Task brief ▸ Go to the line below that has "(Minghui.org) Z okazji", print it and each line after it exactly, and stop after the line that has "최태성 선생님의 강의"; leave out pictures.

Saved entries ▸
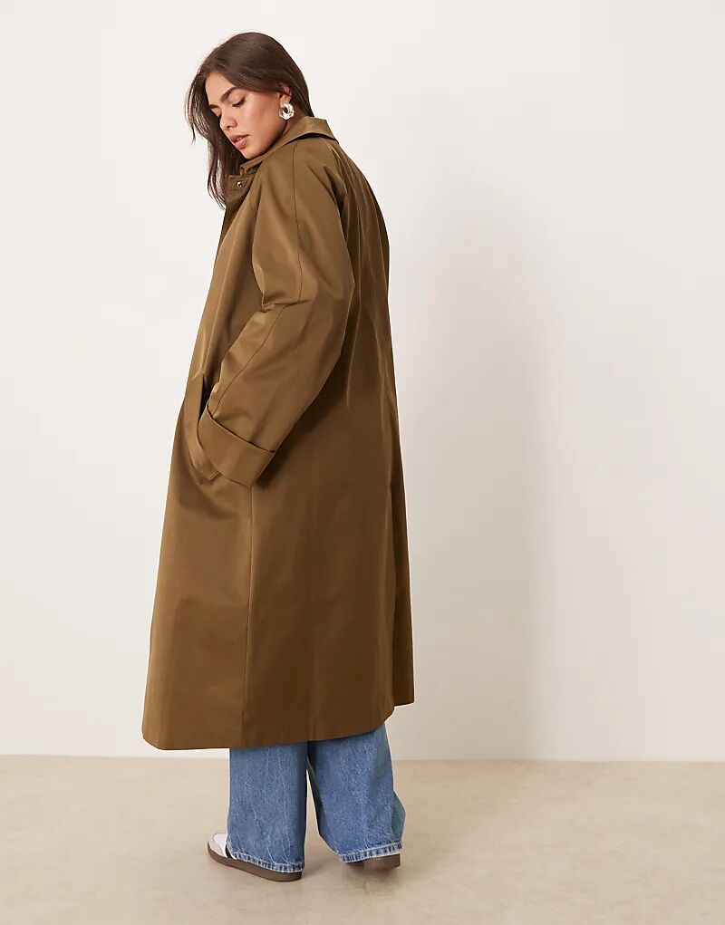 Длинный тренч ASOS DESIGN Curve цвета хаки
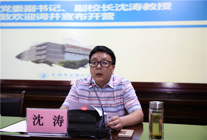 沈涛致欢迎辞并宣布体验营正式开营。他表示,学校将以满腔的热情、真诚的态度、周到的安排,让每一位同学都感受一次愉快而难忘的“成中医之初体验”!他希望全体营员在3天的活动里,能全身心投入、全方位体验,充分感受中医望闻问切皆识病的博大精深,体会中药一花一草皆入药的神秘莫测,见证针灸提插捻转行补泻的神奇手法。他指出,祖国医药需要年轻人来继承与发扬,真诚地欢迎大家报考Beat365中文官方网站,期待着与大家相逢在美丽的蓉城,相逢在温馨的校园,相逢在成中医开学典礼的会场!
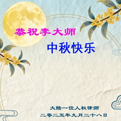 (Minghui.org) Z okazji Święta Środka Jesieni (6 października 2025 r.) napłynęły pozdrowienia od zwolenników Falun Dafa. Życzyli założycielowi, Mistrzowi Li Hongzhi, wesołych świąt i dziękowali mu za liczne błogosławieństwa, których doświadczyli.
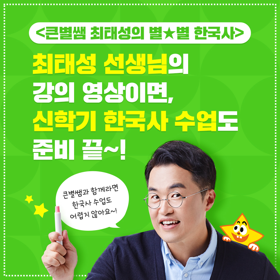 최태성 선생님의 강의 영상이면, 신학기 한국사 수업도 준비 끝~! 학교에서 <큰별쌤 최태성의 별★별 한국사> 영상으로 한국사 수업을 하실 초등교사 선생님을 모십니다~! ⭐ 모집 대상 : 현직 초
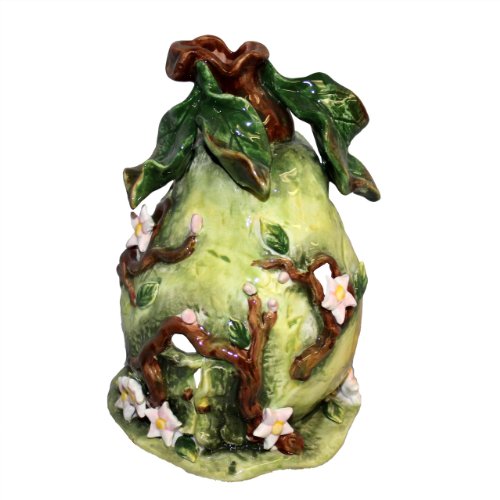 Pear wrapped in vines and flora.Multiple light outlet openings.Ceramic pineapple enclosed tea gentle package.7" H x 4-1/2" W.Hand painted. This charming pear tea light holder is eclectic fashionable and can slot in neatly to simply about any residence. It portions 7" H x 4-1/2" W and has a wide sufficient opening that it constructs it simple to insert a lit tea gentle with out issue. This ceramic candle container has been sparsely hand painted giving it an artsy feel. With vibrant bold colours and colors of inexperienced, crimson and brown this pear has been accentuated together with small yellow and crimson vegetation in expanding to twisting vines and leaves. Light holes have been placed during the fruit allowing the candle gentle to build dancing light samples on your partitions giving your accommodation a beautiful dwellingy feel when this tea mild container is lit at night. This pear builds a sexy present or present on yourself..
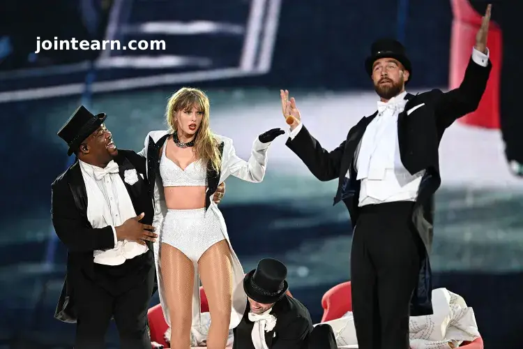 Kelce, dressed in a tuxedo and top hat, joined Swift on stage during an outfit change, taking over for the dancer who normally carries her during the segment. Fans got to see Kelce show off some of his signature dance moves, along with his big charming smile.

Solution below ▸
 (Minghui.org) Z okazji Święta Środka Jesieni (6 października 2025 r.) napłynęły pozdrowienia od zwolenników Falun Dafa. Życzyli założycielowi, Mistrzowi Li Hongzhi, wesołych świąt i dziękowali mu za liczne błogosławieństwa, których doświadczyli.
 최태성 선생님의 강의 영상이면, 신학기 한국사 수업도 준비 끝~! 학교에서 <큰별쌤 최태성의 별★별 한국사> 영상으로 한국사 수업을 하실 초등교사 선생님을 모십니다~! ⭐ 모집 대상 : 현직 초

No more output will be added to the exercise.